We just made decisions every day, for one reason or another, that weren’t about being in shape.  Maybe we weren’t thinking about being in shape, it wasn’t a priority, or maybe we couldn’t deal with trying to lose weight because we had a million other things going on. There are as many reasons people are over weight as there are over weight people.

Not one of those reasons is because of a character flaw.

I guess I am just thinking about one of the days for the 30 Day Challenge where Chalene Johnson discusses who we give our power to, who we spend our time with.  I want to spend my time with people who know that there’s nothing wrong with who I am or even with the fact that I gained weight.
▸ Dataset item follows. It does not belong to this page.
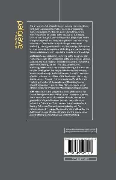 Creative Marketing has been written in response to the continued failure to address the theory/practice gap in marketing management. The art world is full of creativity, yet existing marketing theory continues to prescribe formulaic, stepwise processes for marketing success. Rather than perpetuating the belief in the value of traditional marketing frameworks, this book draws on a diverse range of disciplines to inspire entrepreneurial thinking and practice among those marketers who wish to push the boundaries of knowledge and convention. Creative Marketing gets back to how best to support individuals as well as small, medium and micro-enterprises through new marketing approaches.
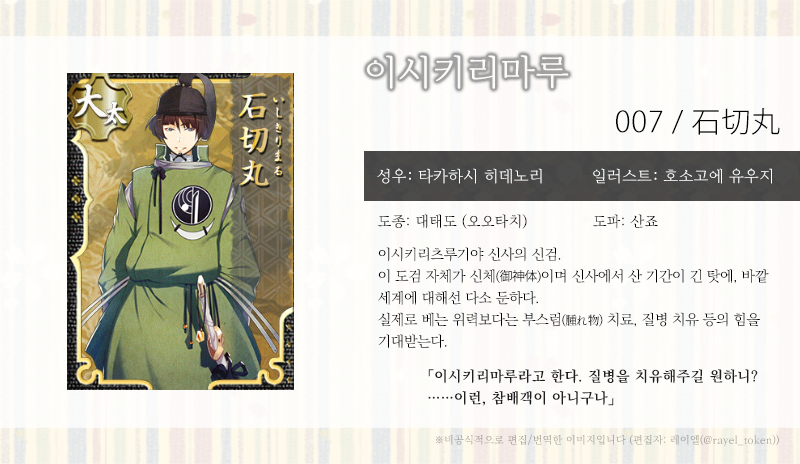 신검 이시키리마루란다. 신사에서는 참배객을 좀먹는 병마를 베는 일을 하고 있었지만, 지금은 네 곁에서 역사를 좀먹는 병마를 베는 것이 일이지. 맡겨줘.

I don’t think I’m a bad person or that I even made bad decisions and now I’m over weight. I’m just someone who had a tough time in school and in order to deal with getting a degree and my emotional health I had to let my weight take the back seat.

Now I’m focusing on being in shape. Not because I am a better person or I realized just how bad of a person I was by getting fat. Because I can.  I now have the ability to put all of my focus on changing my habits, including the way I treat myself.  That I have the opportunity and the support to allow myself the gift of being healthy is something to be rejoiced, not be pushed into, kicking and screaming.

Here are 3 4  that I’ve found so far:

http://amerrylife.com/

The first post I read was about the day before her Tri and how nervous she was.  I kind of want to do one now. \

http://timmoyoungfatboythin.blogspot.com/

He does mention being in a fat suit, but he’s also doing a challenge to help change his way of thinking.

http://waistingtimeblog.com/

Just browsed through this one, but it seems good so far.

http://skinnyemmie.com/

Love this one! Just found it off of the first one.